Saturday Night Live and the Obameter
Saturday Night Live skewered President Barack Obama for not keeping his campaign promises, and we couldn't resist comparing their checklist to our Obameter database of campaign promises . We noted in our story that were doing it just for fun, but some readers still thought we were being frivolous or showing favoritism. Some said we were humorless for looking at the facts behind a comedy skit. And Jon Stewart criticized CNN for interviewing us.
"Did I miss your 'just for fun' fact checks on SNL's Tina Fey's Palin jokes? Or all of the lies spread about Palin: Banning books comes to mind. I really don't remember your taking time to dispell the lies, bias, and blatant disregard for the truth regarding Palin and the network news shows which are a travesty in honesty and completeness." ( Editor's note: Read our 2008 report on Sarah Palin and banned books .)

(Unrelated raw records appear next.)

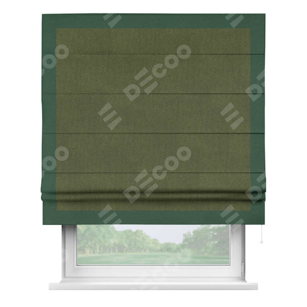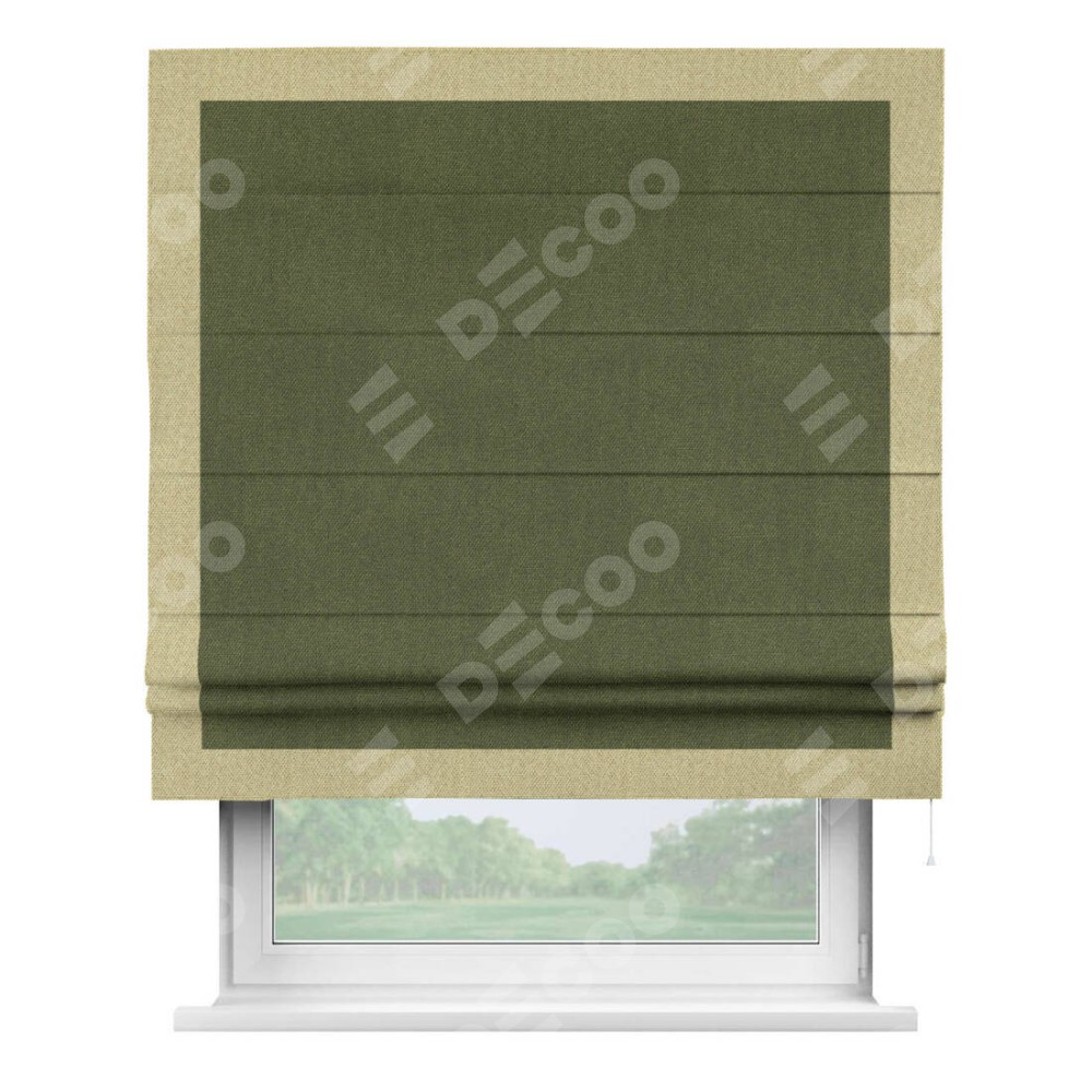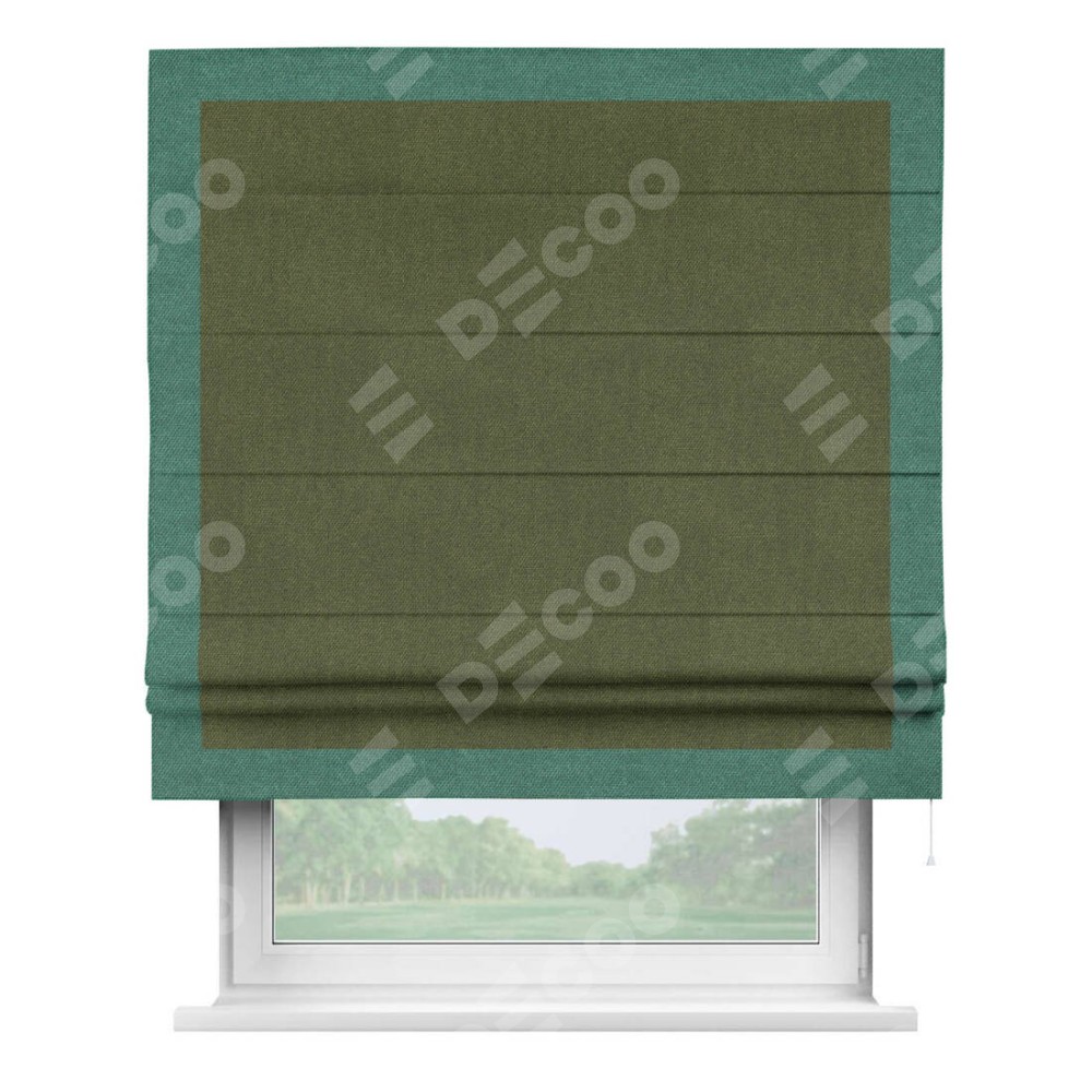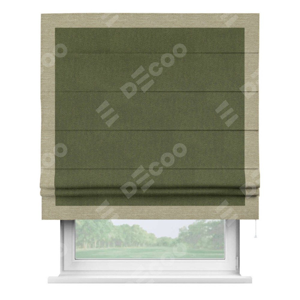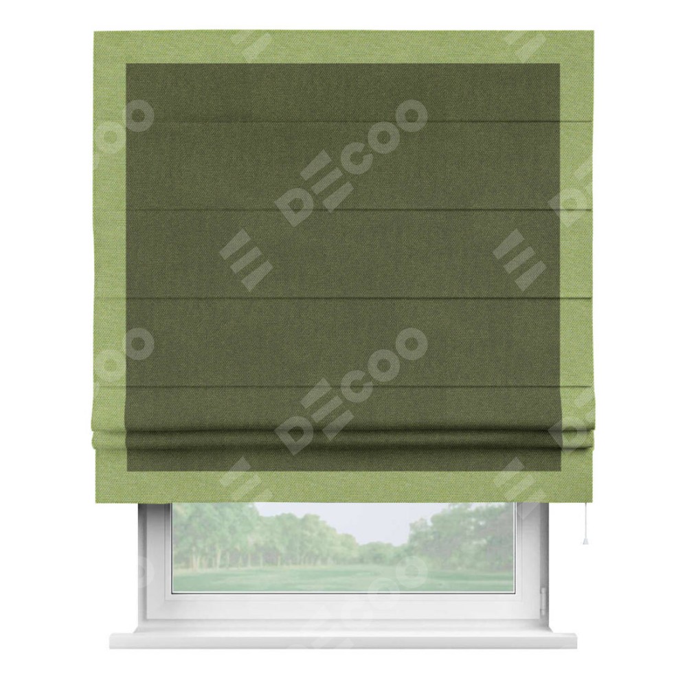 Римская штора «Кортин» для проема, лён димаут салатовый с кантом Чесс
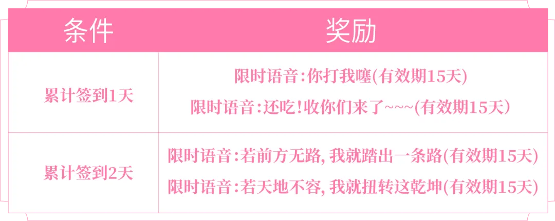 累计签到1天:可获得限时语音“你打我噻”和“还吃!收你们来了~”,有效期均为15天。
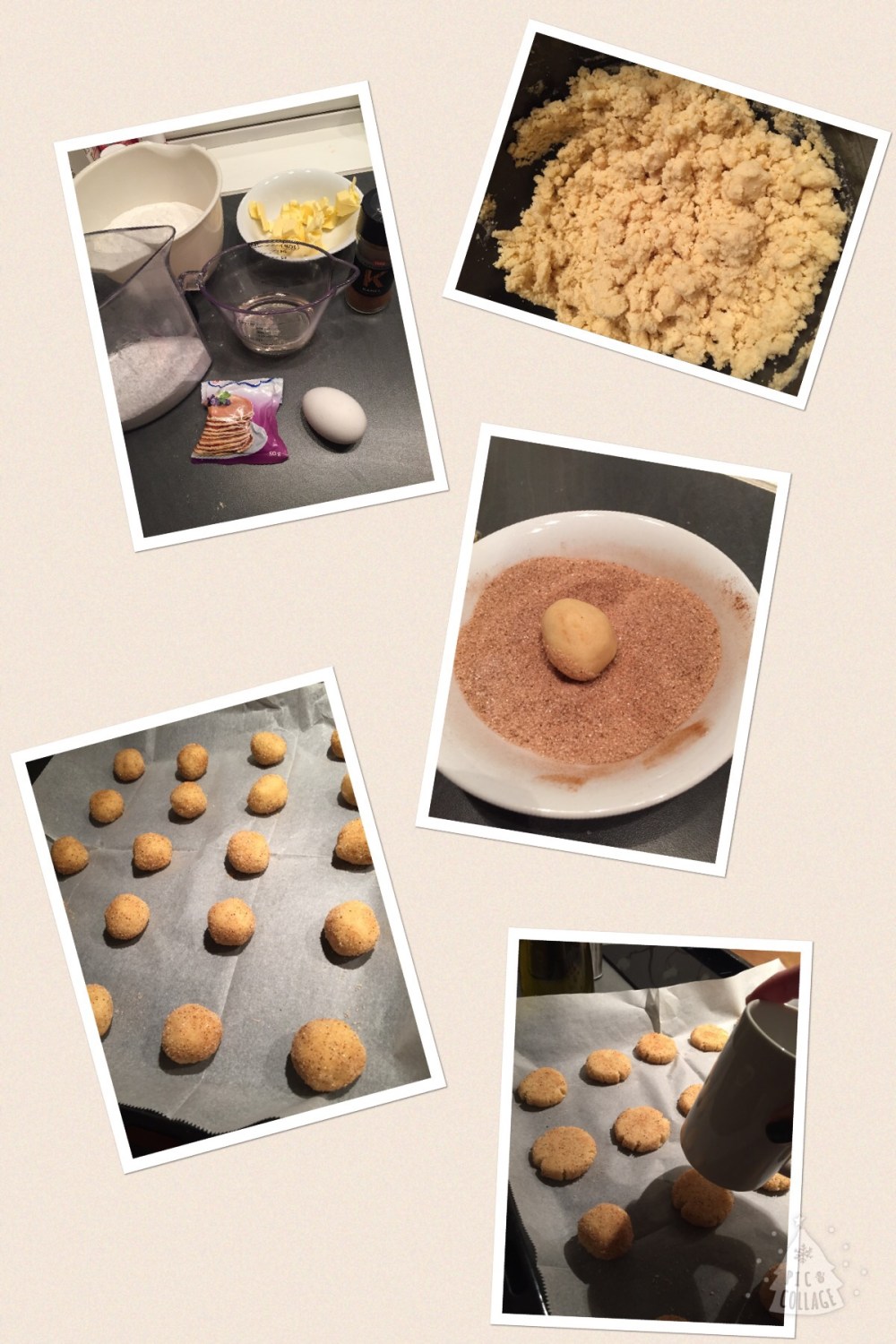 Trill runde kuler med hendene. Rull kulene i sukker- og kanelblandingen. Sett kulene på stekeplate med bakepapir med litt avstand fra hverandre. Press de litt flate med bunnen av et glass eller kopp. De vil sprekke opp litt rundt kantene.
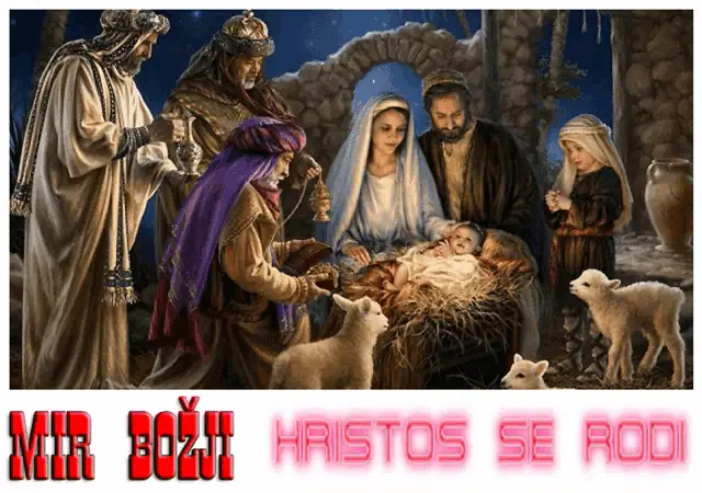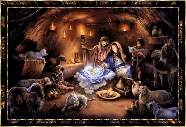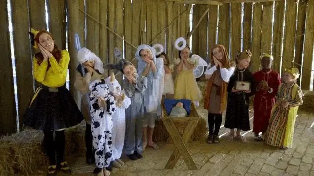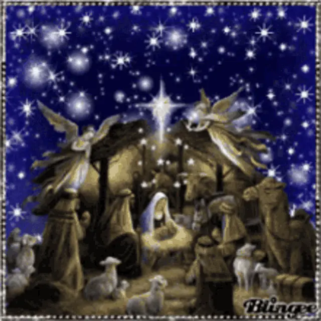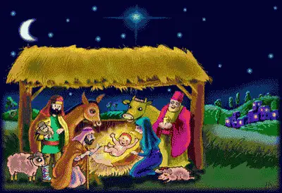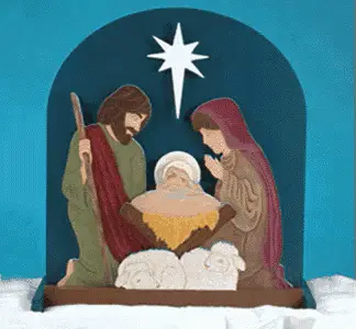 A black and white drawing depicting the Nativity's Three Kings playing instruments.
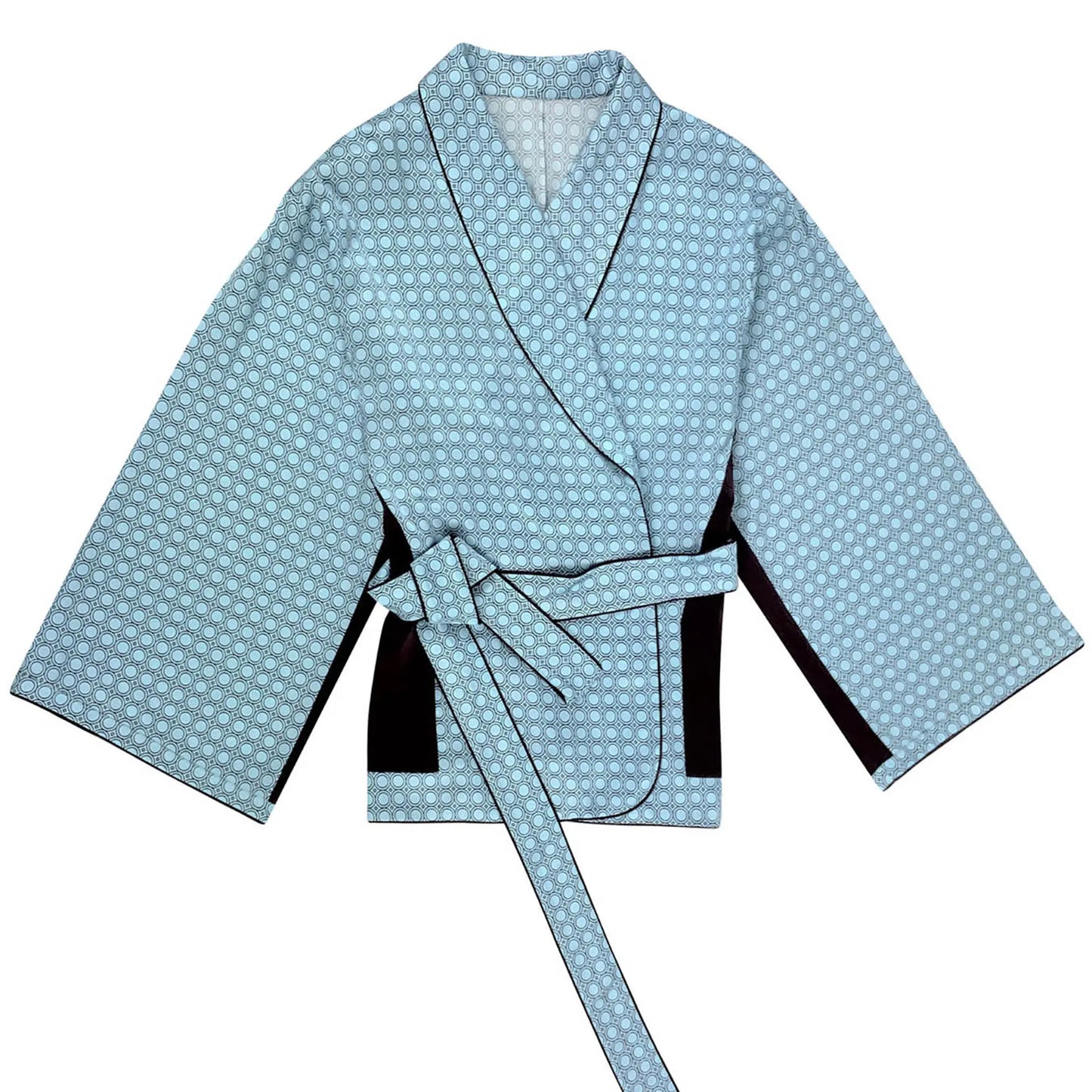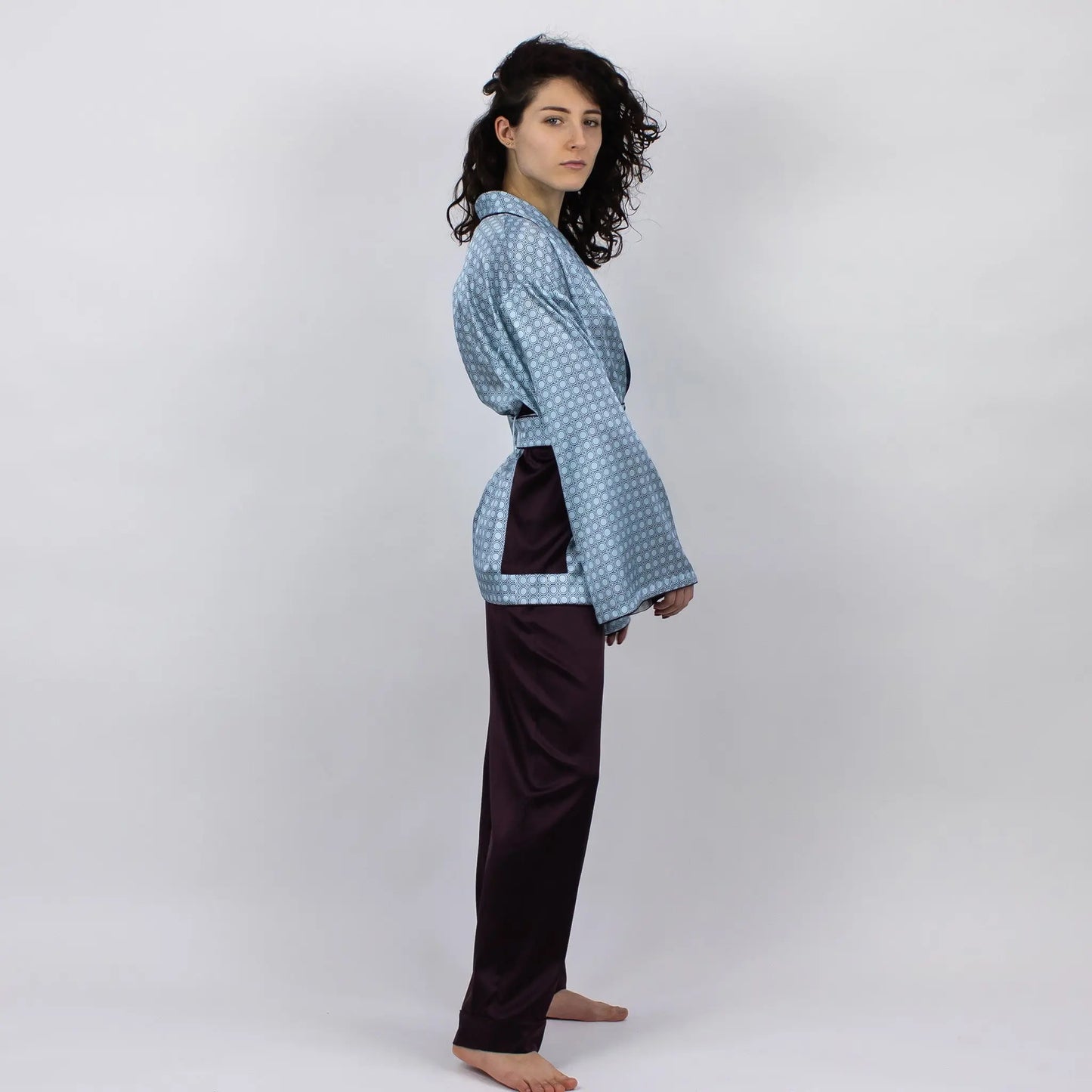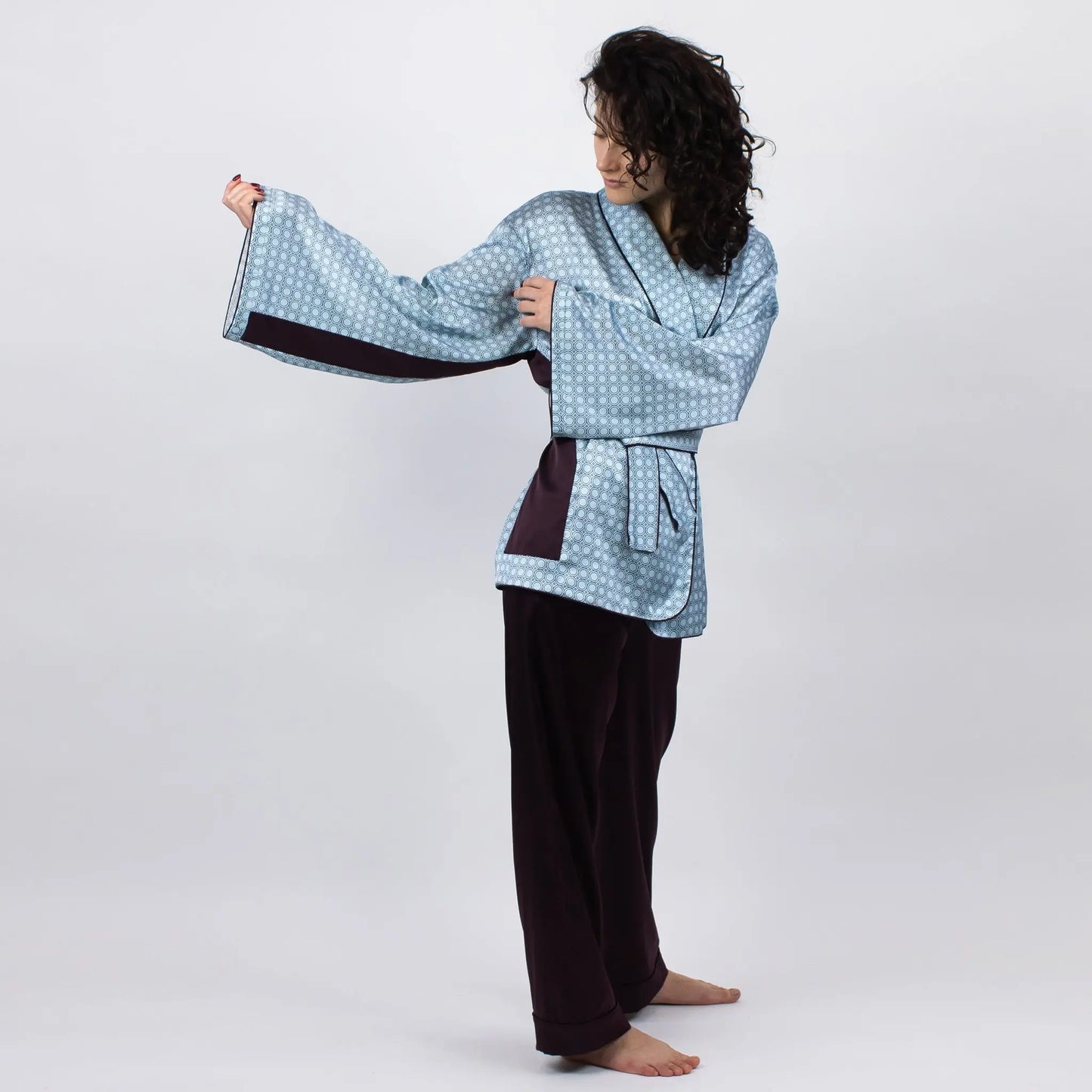 The Lady kimono from NOKAYA is crafted from 19 momme Mulberry silk in a sky-blue hue and features a stylish graphic print.
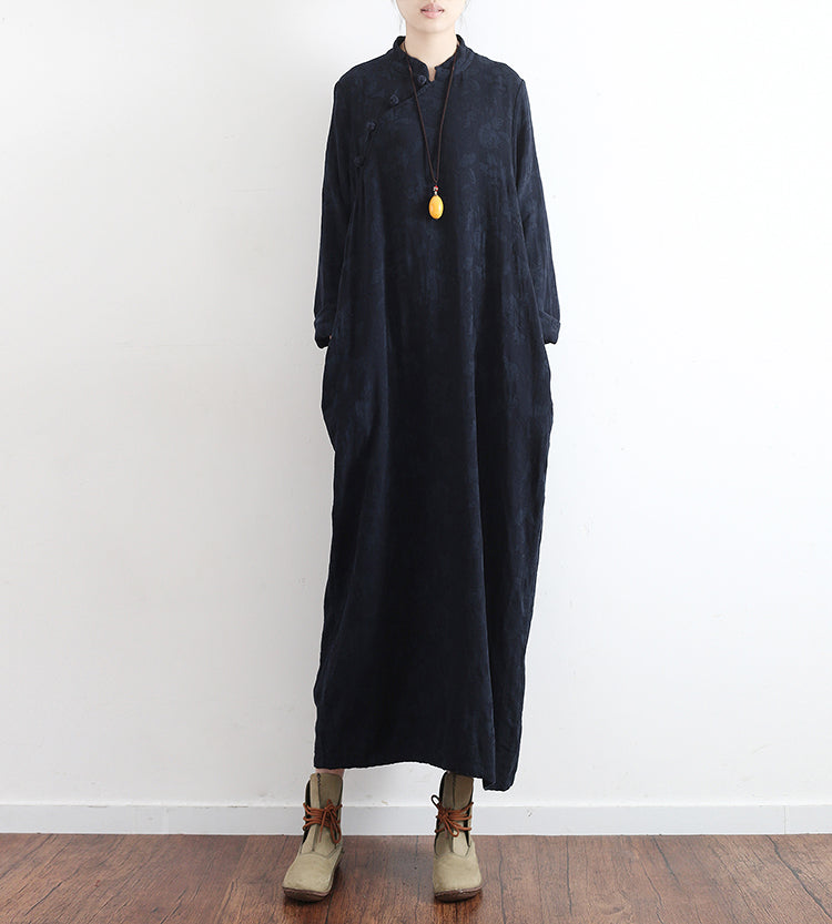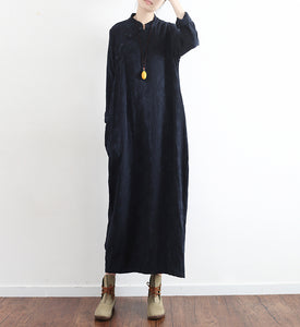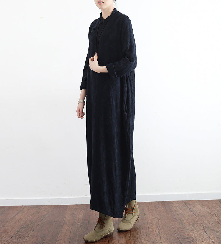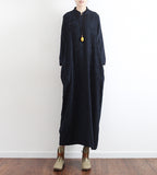 Black Casual Linen Cotton Women Loose Dresses Summer Long Women Dresses With Long Sleeves AMT96231

"I've always been willing to give you the benefit of the doubt as far as your claims of non-partisanship are concerned. However, after seeing that you are 'fact checking' a comedy skit I have to call that claim into question. That you would even bother fact checking a parody makes it clear that you have an agenda. Why else would you go out of your way to call out SNL on its satirical critique of Obama's performance to date? I would especially like to bring up your assertion that SNL was wrong, with the item on its checklist, that Obama promised to make Afghanistan better, but it's worse. You noted that it was a Promise Kept as Barack Obama sent reinforcements , but SNL's assertion was that the situation in Afghanistan is worse. From everything I have been reading, including recent statement by General McChrystal, the situation in Afghanistan is worse, so I rate your rating False. The next time you go out of your way to defend Barack Obama against a comedic smearing try to get your facts straight…and grow a funny bone!"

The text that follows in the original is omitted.